Working with Dates and Timestamps

Spark中Dates專門負責日歷時期,timestamps包括了日期和時間信息。
當我們啟用inferSchame,Spark會盡可能正確識別列的類型,包括Dates和timestamps。
處理Dates和Timestamps與處理字符串相關,因為我們常把日期和時間戳保持為字符串,然後轉換為日期和時間戳類型。
在Spark2.1和更早的版本中,在沒有指定時區時,Spark根據機器的時區來解析時間。可以通過設置spark.conf.sessionLocalTimeZone來設置會話的時區。
The key to understanding the transformations that you are going to need to apply is to ensure that you know exactly what type and format you have at each given step of the way.
Spark的Timestamps只支持秒級別的精度,這意味者如果你打算處理毫秒微秒,你需要把它們當做long類型對象處理。
相關的函數:date_add、date_sub、datediff、months_between、to_date、current_date、current_timestamp

import org.apache.spark.sql.functions.{current_date, current_timestamp}
val dataDF = spark.range(10).withColumn("today", current_date())
    .withColumn("now", current_timestamp())
dataDF.createOrReplaceTempView("dataTable")
import org.apache.spark.sql.functions.{date_add, date_sub}
dataDF.select(date_sub(col("today"), 5), date_add(col("today"), 5)).show(1)
import org.apache.spark.sql.functions.{datediff, months_between, to_date}
dataDF.withColumn("week_ago", date_sub(col("today"), 7))
    .select(datediff(col("week_ago"), col("today"))).show(1)
dataDF.select(
    to_date(lit("2016-01-01")).alias("start"),
    to_date(lit("2017-05-22")).alias("end")
).select(months_between(col("start"), col("end"))).show(1)
spark.range(5).withColumn("date", lit("2017-01-01")).select(to_date(col("date"))).show(1)

Spark不能解析日期時,不會報錯,而返回null。在部分數據符合正確的日期格式,部分不符合正確的日期格式應當註意。
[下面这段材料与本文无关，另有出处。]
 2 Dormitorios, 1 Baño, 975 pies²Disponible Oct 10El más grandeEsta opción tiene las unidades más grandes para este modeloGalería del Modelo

dataDF.select(to_date(lit("2016-20-12")), to_date(lit("2017-12-11"))).show(1)
+---------------------+---------------------+
|to_date(‘2016-20-12‘)|to_date(‘2017-12-11‘)|
+---------------------+---------------------+
|                 null|           2017-12-11|
+---------------------+---------------------+
only showing top 1 row

to_date()、to_timestamp()函數

import org.apache.spark.sql.functions.{to_date, to_timestamp, lit}
val dateFormat = "yyyy-dd-MM"
val cleanDF = spark.range(1).select(
    to_date(lit("2017-12-11"), dateFormat).alias("date"),
    to_date(lit("2017-20-11"), dateFormat).alias("date2")
)
cleanDF.createOrReplaceTempView("dateTable")
cleanDF.show()
cleanDF.select(to_timestamp(col("date"))).show()
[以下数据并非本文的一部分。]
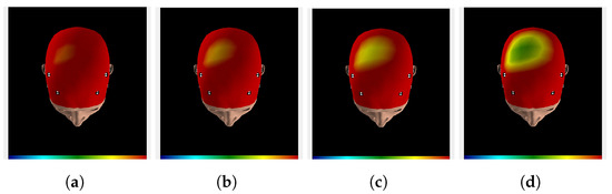 EEG topographical distribution of subject A during the training phase. (a) Fixation cross 0 [s], (b) Arrow cue at 2.75 [s], (c) MI task starting at 4.25 [s], (d) MI task at 5.25 [s].

在日期的比較中,可以用字符串直接與列比較,不需要lit函數。 隱式類型轉換可能會搬起石頭砸自己的腳,特別是處理null值時。推薦直接指明類型。

cleanDF.filter(col("date2") > lit("2017-12-12")).show()
cleanDF.filter(col("date2") > "2017-12-12").show()

Working with Nulls in Data

最好一直用null代表缺失值與空值。與空值和其他值相比,Spark能夠優化null的處理。
處理null值相關的函數主要在DataFrame.na這個子包中。
第五章的排序部分有關於null的排序以及第六章Working with Booleans講了布爾與null的問題。
警告:DataFrame的Schema聲明列不為null,Spark不會完全遵守,可以有少數null。null標誌是為了讓Spark來優化列的處理。而這可以會導致不正確的結果或異常。
原則:明確聲明比沒有明確聲明好。
coalesce
coalesce(expr1, expr2, ...) - Returns the first non-null argument if exists. Otherwise, null.

Examples:

SELECT coalesce(NULL, 1, NULL);
1
ifnull
ifnull(expr1, expr2) - Returns expr2 if expr1 is null, or expr1 otherwise.

Examples:

SELECT ifnull(NULL, array(‘2‘));
["2"]
nullif
nullif(expr1, expr2) - Returns null if expr1 equals to expr2, or expr1 otherwise.

Examples:

SELECT nullif(2, 2);
NULL
nvl
nvl(expr1, expr2) - Returns expr2 if expr1 is null, or expr1 otherwise.

Examples:

SELECT nvl(NULL, array(‘2‘));
["2"]
nvl2
nvl2(expr1, expr2, expr3) - Returns expr2 if expr1 is not null, or expr3 otherwise.

Examples:

SELECT nvl2(NULL, 2, 1);
1
https://spark.apache.org/docs/2.3.1/api/sql/

移除null值
DataFrame.na.drop() 移除包含null值的行。第一個可選參數有 “any”"all",兩個值,any任何列中包含null值的行都被移除,all所有列都是null的行被移除。第二個可選參數是要選擇的列數組
df.na.drop("any", Seq("StockCode", "InvoiceNo")).count()
填充
fill()
We could do the same for columns of type Integer by using df.na.fill(5:Integer), or for Doubles df.na.fill(5:Double). ?:運行報錯。

df.na.fill("null")
df.na.fill(5, Seq("StockCode", "InvoiceNo"))
val fillMap = Map("StockCode" -> 5, "Description" -> "No Description")
df.na.fill(fillMap)

替換
df.na.replace("Description", Map("" -> "UNKNOWN"))
- - -

Working with Complex Types

Structs

通過在查詢中將多列用圓括號包起來創建結構體。

df.selectExpr("(InvoiceNo, Description) as complex").show(2)
df.selectExpr("struct(InvoiceNo, Description) as complex").show(2)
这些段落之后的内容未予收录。